When AI systems fail, the blame goes to the algorithm. The cause is almost always the specification — what the system was told to do, before a line of code was written. I build the science that closes that gap.
About
My research sits at the intersection of Requirements Engineering and AI — focusing on how organisations specify, constrain, and audit intelligent systems where failure has real consequences: space missions, defence systems, clinical AI, and regulated industries navigating emerging AI law.

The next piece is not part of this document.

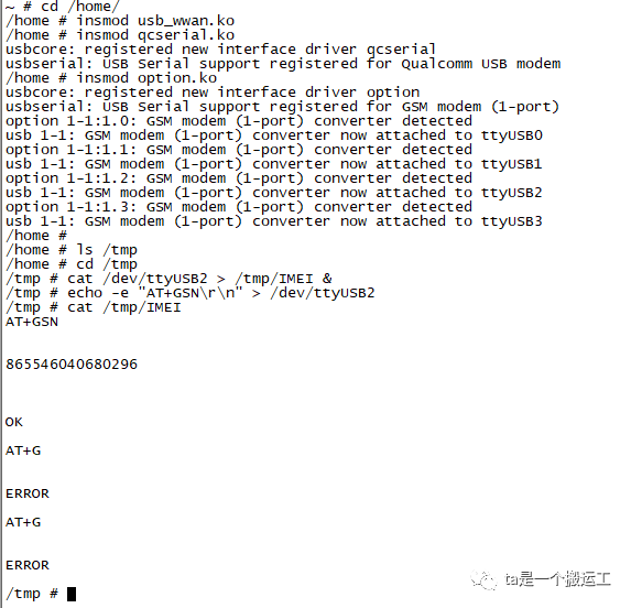 cat /dev/ttyUSB2 > /tmp/IMEI &,echo -e "AT+GSN\r\n" > /dev/ttyUSB2,如下图所示,

The work spans 3,500+ citations and $2.5M+ in competitive funding.
I have worked on this problem for over a decade — from NLP automation for requirements in 2013 through to RAG-powered RE for space missions in 2024. The current focus is on LLMs, retrieval-augmented generation, and runtime monitoring for AI systems, across four research themes: AI for RE, Responsible AI, Human-Centred SE, and Software Systems & Applications.

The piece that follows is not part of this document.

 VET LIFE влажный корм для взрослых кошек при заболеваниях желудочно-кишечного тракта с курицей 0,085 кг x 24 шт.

I also serve as Director of Education for Monash's Software Systems & Cybersecurity department, where I focus on redesigning how software engineers are trained for an AI-native world.
Former Systems Engineer at SES Satellites, Luxembourg — one of the world's largest satellite operators. Industry experience in requirements engineering across space, automotive, and regulatory compliance domains underpins all of the research programme.
Member of the International Requirements Engineering Board (IREB) — the global body for RE professional standards — and the IREB AI Special Interest Group. Board Member and Oceania representative for RE professional standards globally.
Leading RE and design for Monash–WHO living evidence ecosystems informing health policy across South-East Asia and the Western Pacific. Invited panellist at AU–EU AI governance dialogues; contributor to the EU Strategic Autonomy book (2026).
Work cited at SIGCSE 2026 in Google's industry session on how generative AI tools are changing how software engineers work — and where requirements skills remain essential.
Research Focus
Using LLMs, RAG, and NLP to automate how requirements are elicited, validated, and translated into verifiable system behaviour — across regulated industries, space, and defence.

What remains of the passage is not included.